# Problem statement
Look below for the line with "こちらは伊勢湾・瀬戸内海に多". Retype it and every line after it to the end, exactly, but leave out the pictures.

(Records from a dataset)
···
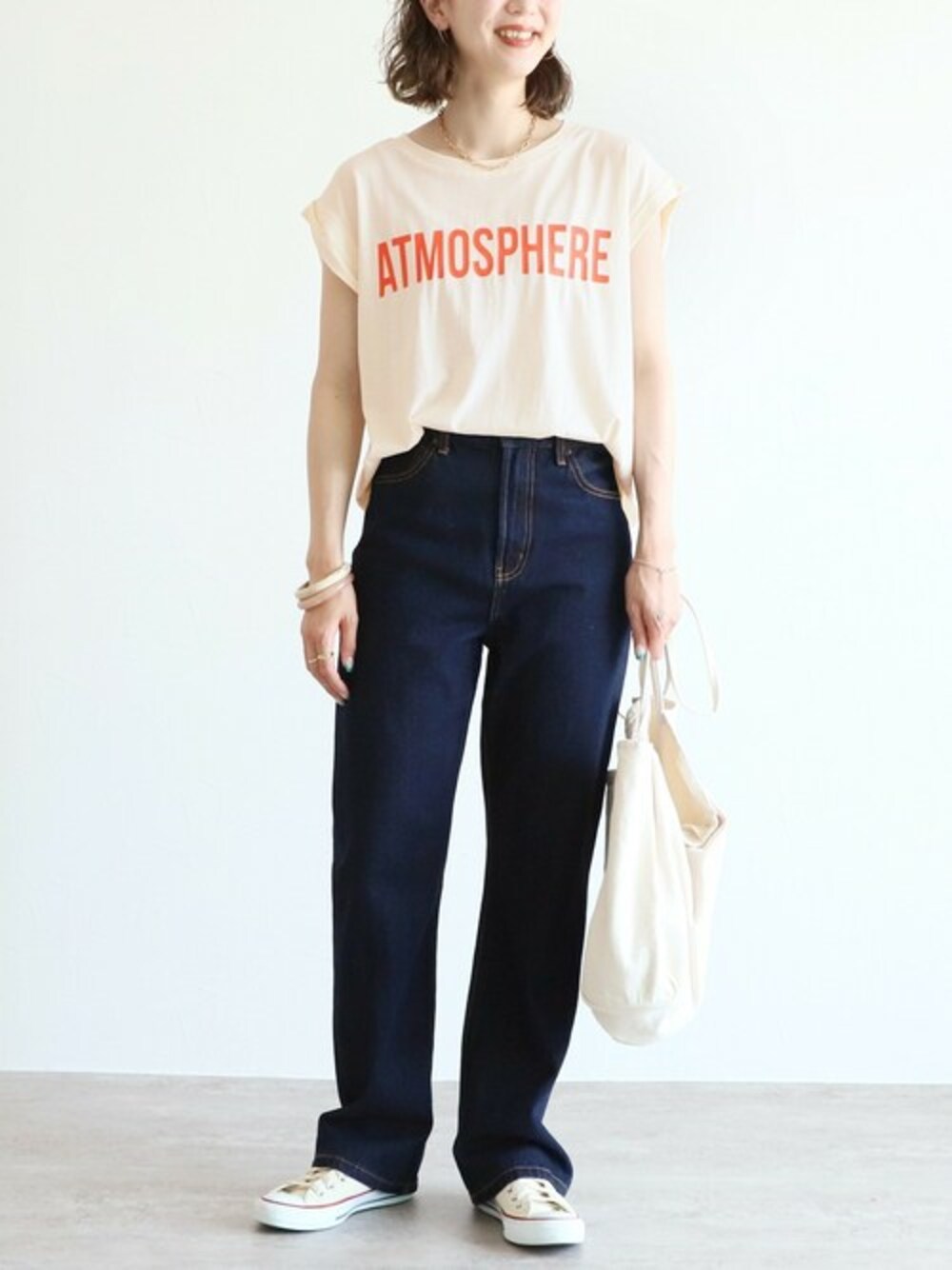 recastaff(reca)のTシャツ/カットソー「フレンチスリーブロゴT」を使ったコーディネート
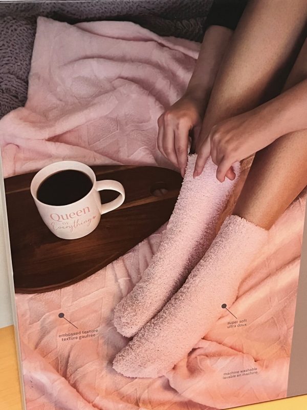 Includes: 1 blanket, 1 pair of fuzzy socks, 1 ceramic mug
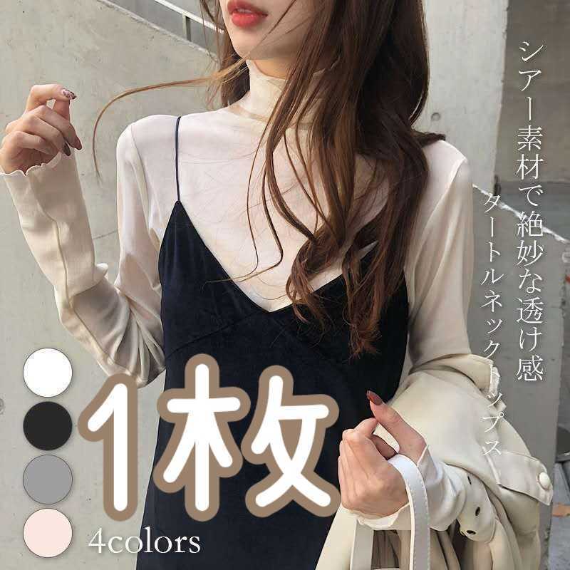- ハイネック シアー シースルー トップス ベージュ タートルネック 長袖 シアーシャツ シアートップス おしゃれ フリル インナー
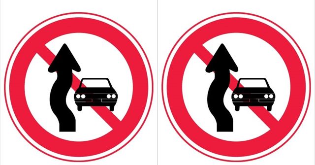 앞지르기 금지 표지판은 보통 원형 모양의 흰색 바탕 안에 검은색으로 표시된 차량 그림이 그려져 있다. 자동차 옆에 검은색 구불구불한 화살표는 추월하려는 형태를 의미하며 여기에 빨간색 금지 표시가 있어 해당 구간에서 앞지르기가 금지됨을 직관적으로 이해할 수 있도록 했다. 그러나 일부 운전자들은 해당 표지판의 의미를 헷갈려 하는 경우도 있다.
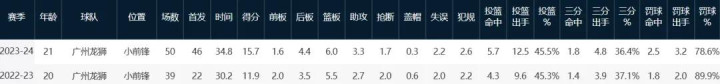 24-25赛季,司职锋卫摇摆人的崔永熙为篮网出战5场常规赛,场均上阵2分钟,得到0.6分0.4板;发展联盟出战6场比赛,场均上阵14分钟,贡献5.2分2.2板1助。
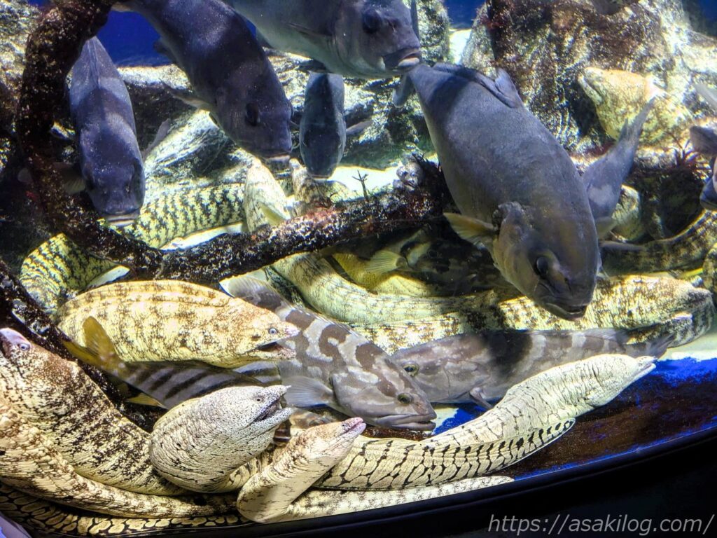 こちらは伊勢湾・瀬戸内海に多く生息するスメナリ。成長しても1.8mほどにしかならないそう。奥のスメナリプールでは上から観察することもできました。
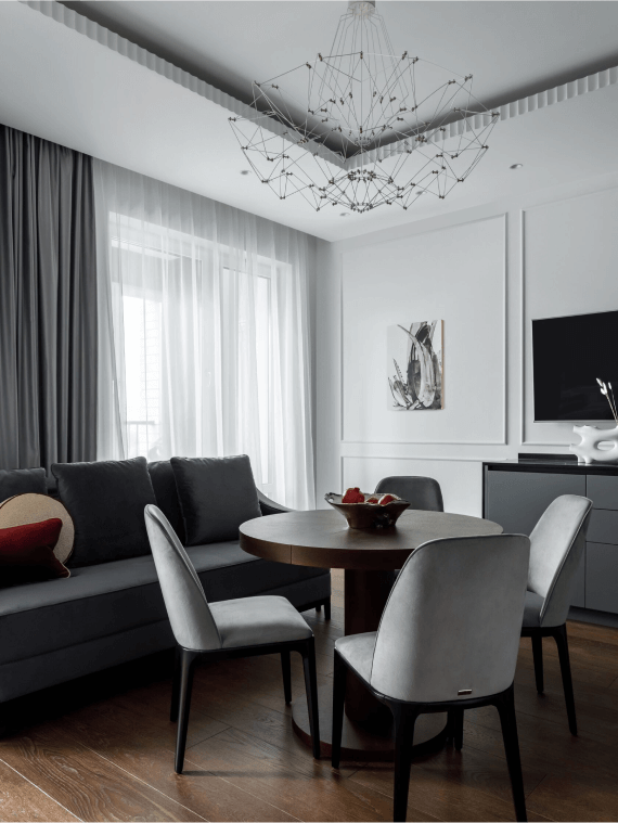 На фото ниже вы можете видеть качество и точность реализации интерьера по завершению ремонта и меблировки. Для «Периметр дизайна» очень важно, чтобы итоговый результат на 100% соответствовал выбранной концепции.
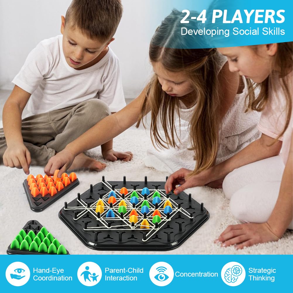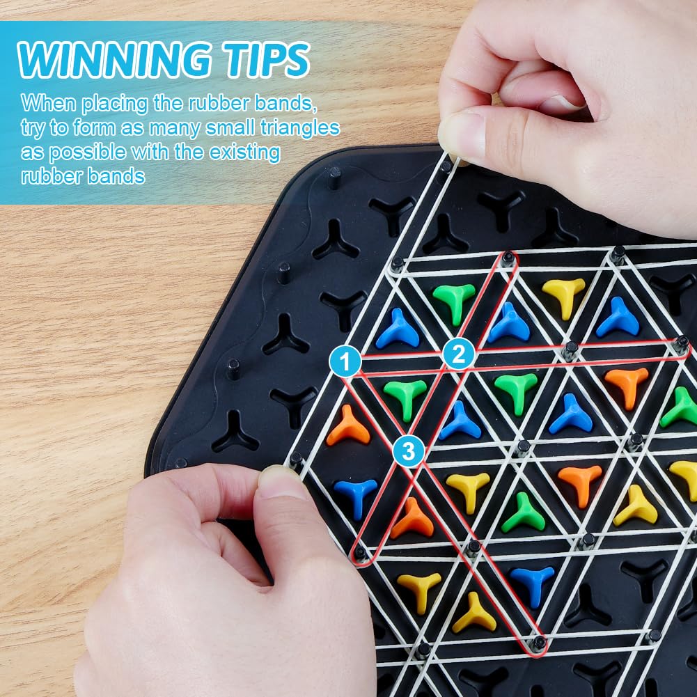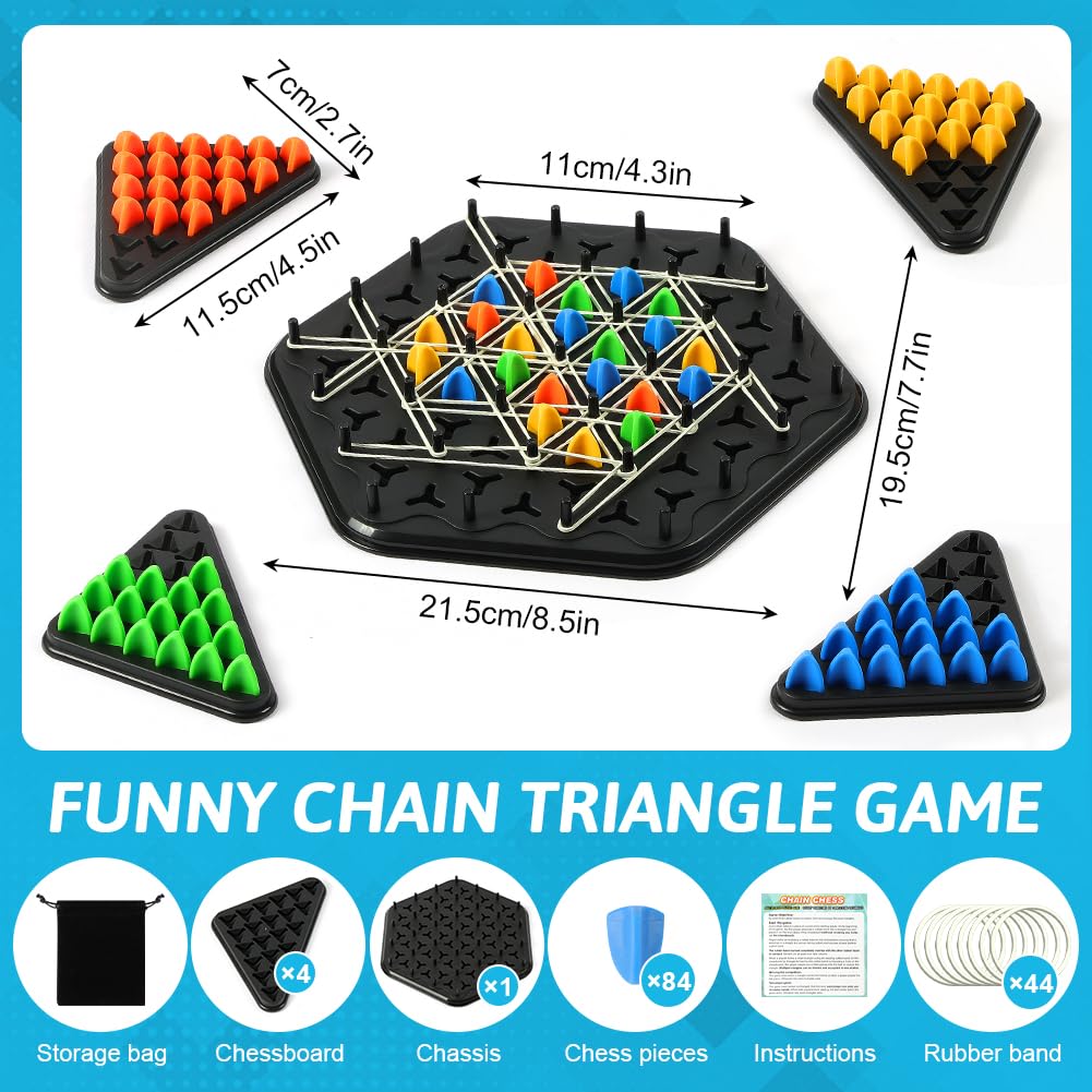 AYESY Geometric Chain Triangle Chess, Triggle Rubber Elastic Band Board, Kids Strategy Game Educational Brain Teaser & Puzzle for 2 to 4 Players – Small
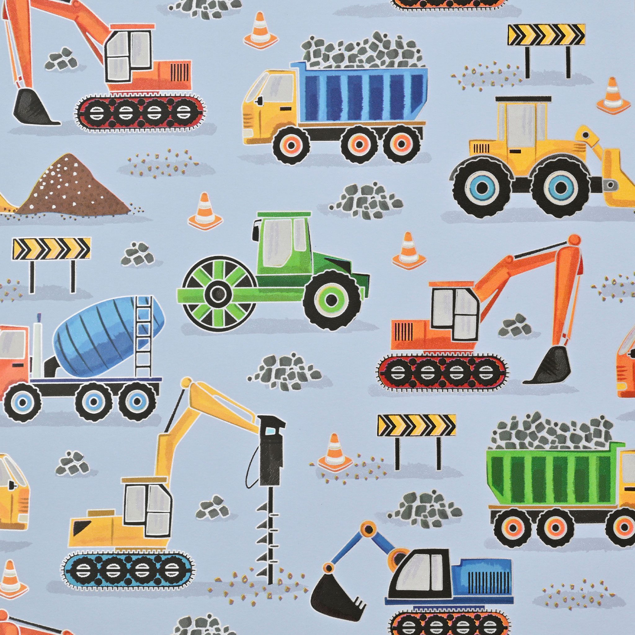 PRODUKT: Geschenkpapier mit Baustellen Motiv / GRÖSSE (BxL): 70 cm x 2 m / INHALT: 1 Geschenkpapierrolle / MATERIAL: Papier, 80 gsm, FSC zertifiziert / FARBE: blau - gelb - orange
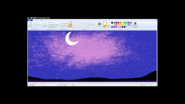 Картина "Одуванчики под луной" в графическом редакторе на компьютере
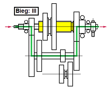 | Przesunięcie tulei przesuwnej do tyłu powoduje wsunięcie jej w wybranie wielowypustowe w kole z20, a przez to sprzęgnięcie tuleją koła z20 z wałkiem zdawczym. w ten sposób realizowany jest bieg trzeci. Napęd z wałka sprzęgłowego przenoszą na wałek zdawczy kolejno: koła z17/z28, następnie z23/z20 oraz tuleja przesuwna. |
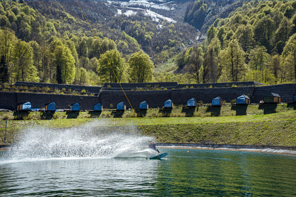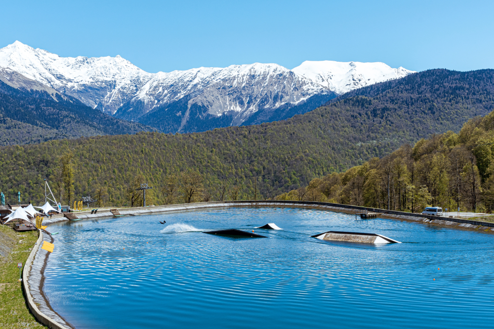 ПОГОНЯТЬ НА ВЕЙК-БОРДЕ. Комплекс расположен в 100 метрах от коттеджей. Озеро наполняется водой из горного ручья и оборудовано двумя реверсивными установками (лебедками) с автоматическим управлением. Для новичков и продвинутых райдеров. Снаряжение предоставляется. Сет катания 10 мин+снаряжение: от 1800 руб
···
# Output
 こちらは伊勢湾・瀬戸内海に多く生息するスメナリ。成長しても1.8mほどにしかならないそう。奥のスメナリプールでは上から観察することもできました。
 На фото ниже вы можете видеть качество и точность реализации интерьера по завершению ремонта и меблировки. Для «Периметр дизайна» очень важно, чтобы итоговый результат на 100% соответствовал выбранной концепции.
 AYESY Geometric Chain Triangle Chess, Triggle Rubber Elastic Band Board, Kids Strategy Game Educational Brain Teaser & Puzzle for 2 to 4 Players – Small
 PRODUKT: Geschenkpapier mit Baustellen Motiv / GRÖSSE (BxL): 70 cm x 2 m / INHALT: 1 Geschenkpapierrolle / MATERIAL: Papier, 80 gsm, FSC zertifiziert / FARBE: blau - gelb - orange
 Картина "Одуванчики под луной" в графическом редакторе на компьютере
 | Przesunięcie tulei przesuwnej do tyłu powoduje wsunięcie jej w wybranie wielowypustowe w kole z20, a przez to sprzęgnięcie tuleją koła z20 z wałkiem zdawczym. w ten sposób realizowany jest bieg trzeci. Napęd z wałka sprzęgłowego przenoszą na wałek zdawczy kolejno: koła z17/z28, następnie z23/z20 oraz tuleja przesuwna. |
 ПОГОНЯТЬ НА ВЕЙК-БОРДЕ. Комплекс расположен в 100 метрах от коттеджей. Озеро наполняется водой из горного ручья и оборудовано двумя реверсивными установками (лебедками) с автоматическим управлением. Для новичков и продвинутых райдеров. Снаряжение предоставляется. Сет катания 10 мин+снаряжение: от 1800 руб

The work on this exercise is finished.